▶ **WORK INSTRUCTION**:
Without any pictures, print exactly the lines that run from the start of the data through the line containing "1953 5C No Strap, Far".

┌─ DATA SUPPLIED

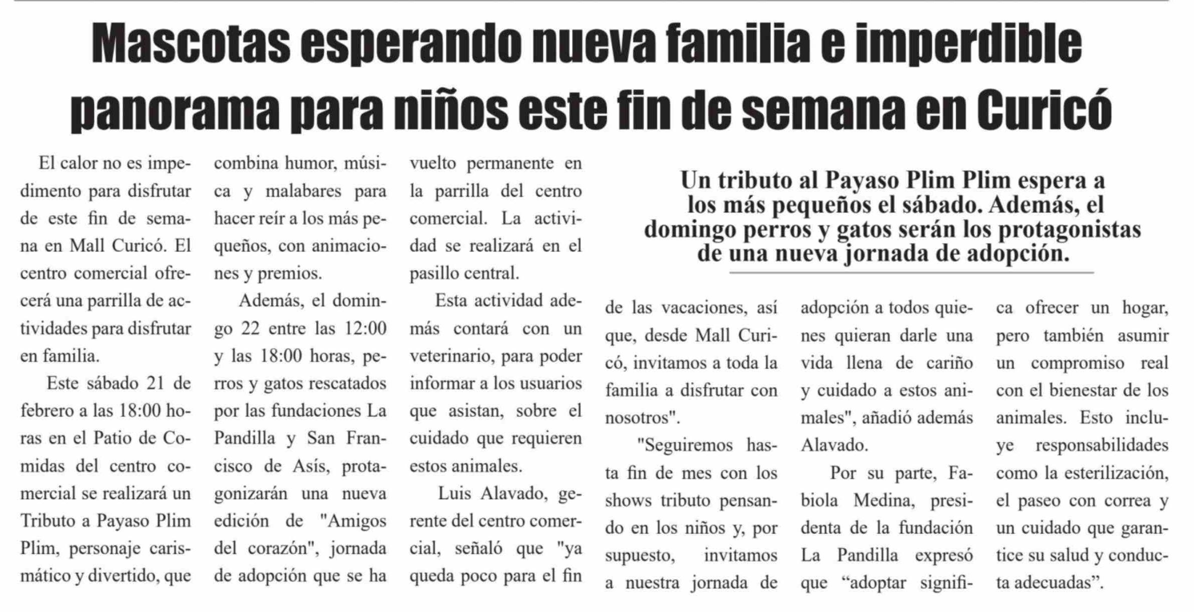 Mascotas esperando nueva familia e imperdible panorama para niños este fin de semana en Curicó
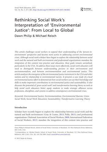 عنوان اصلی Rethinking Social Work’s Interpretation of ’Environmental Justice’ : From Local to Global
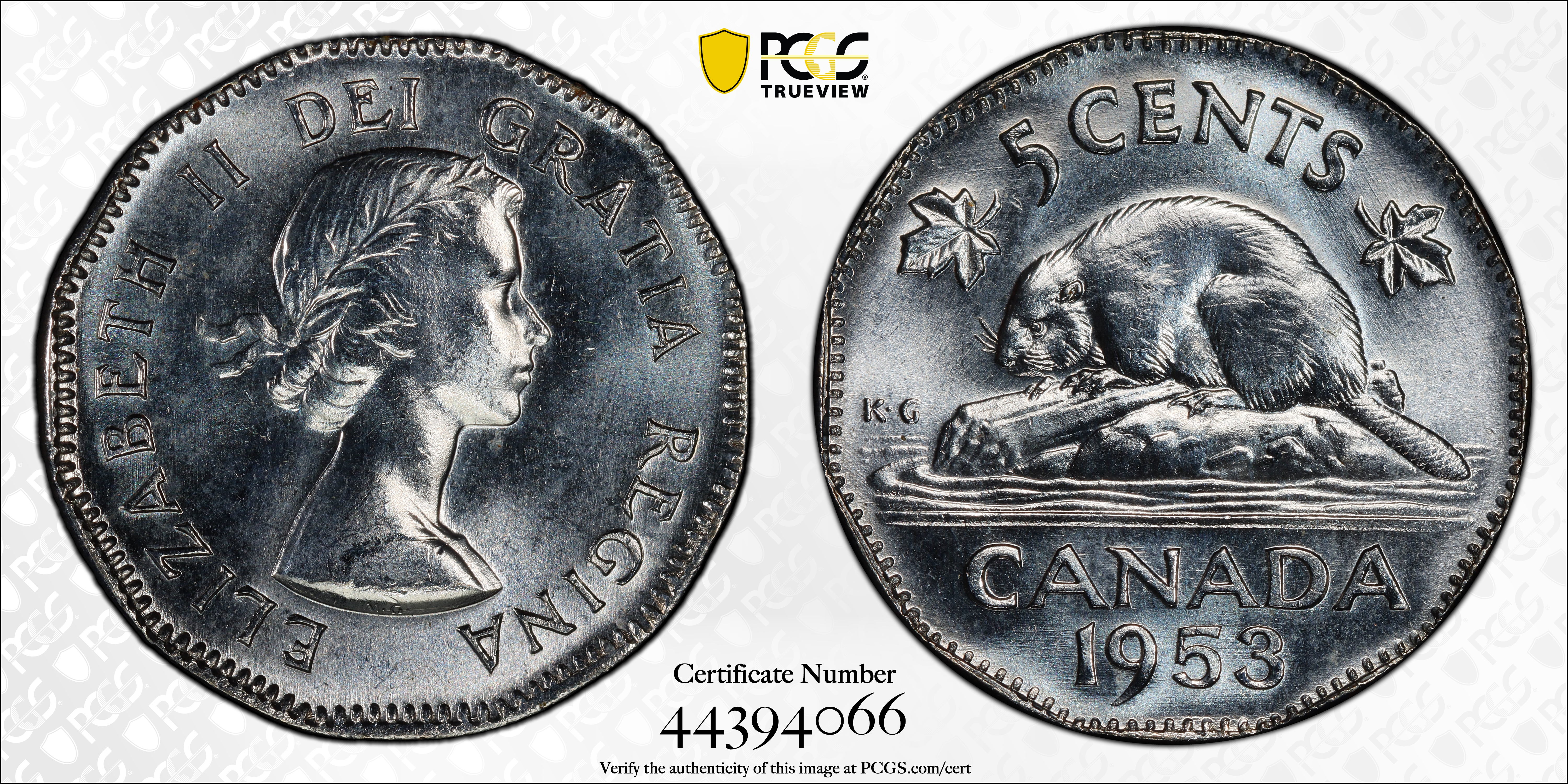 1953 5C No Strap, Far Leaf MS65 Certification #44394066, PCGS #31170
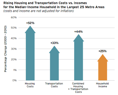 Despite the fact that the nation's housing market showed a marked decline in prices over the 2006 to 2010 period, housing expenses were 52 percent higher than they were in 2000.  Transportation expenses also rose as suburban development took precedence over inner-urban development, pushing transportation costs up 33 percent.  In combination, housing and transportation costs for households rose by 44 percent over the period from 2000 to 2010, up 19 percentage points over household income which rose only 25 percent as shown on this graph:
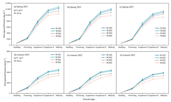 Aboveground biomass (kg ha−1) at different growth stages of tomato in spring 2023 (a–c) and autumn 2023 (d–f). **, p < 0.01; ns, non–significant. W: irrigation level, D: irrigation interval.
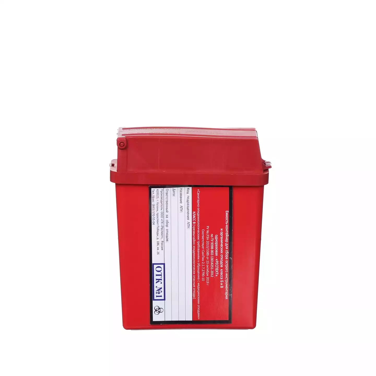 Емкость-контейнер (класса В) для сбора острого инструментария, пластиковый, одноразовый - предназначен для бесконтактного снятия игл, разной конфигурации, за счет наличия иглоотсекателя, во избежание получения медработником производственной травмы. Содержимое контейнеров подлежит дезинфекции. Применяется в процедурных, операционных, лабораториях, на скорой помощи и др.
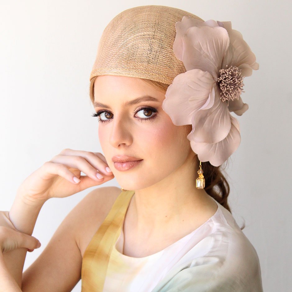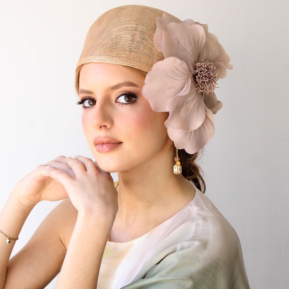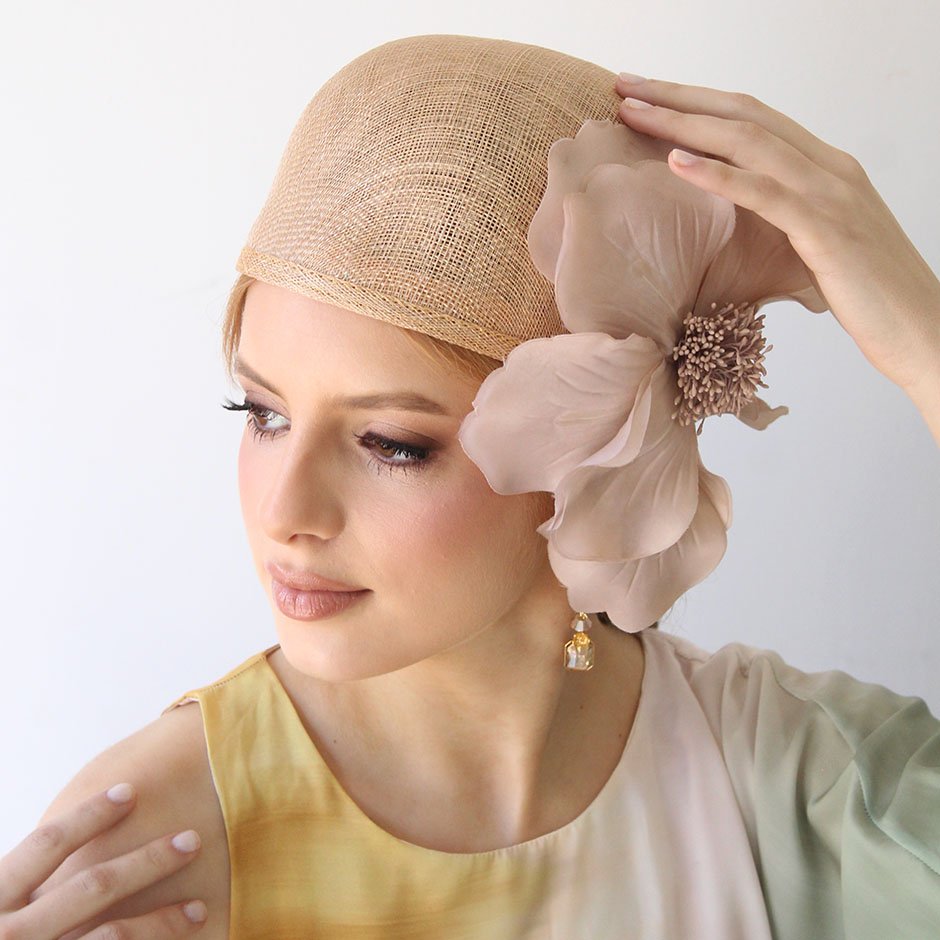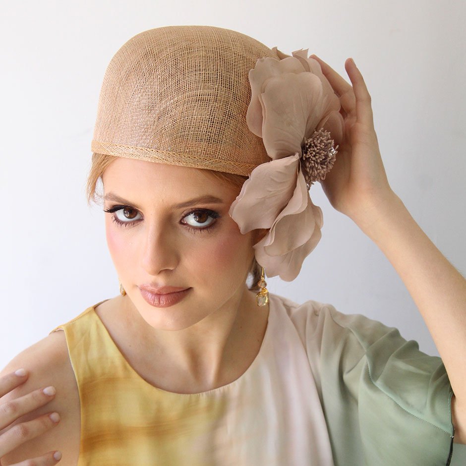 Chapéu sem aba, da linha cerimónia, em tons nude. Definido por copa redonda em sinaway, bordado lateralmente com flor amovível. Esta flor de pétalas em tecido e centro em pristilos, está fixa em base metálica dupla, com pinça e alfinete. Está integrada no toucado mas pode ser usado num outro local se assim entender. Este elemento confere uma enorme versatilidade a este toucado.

└─

▶ **TASK SOLUTION**:
 Mascotas esperando nueva familia e imperdible panorama para niños este fin de semana en Curicó
 عنوان اصلی Rethinking Social Work’s Interpretation of ’Environmental Justice’ : From Local to Global
 1953 5C No Strap, Far Leaf MS65 Certification #44394066, PCGS #31170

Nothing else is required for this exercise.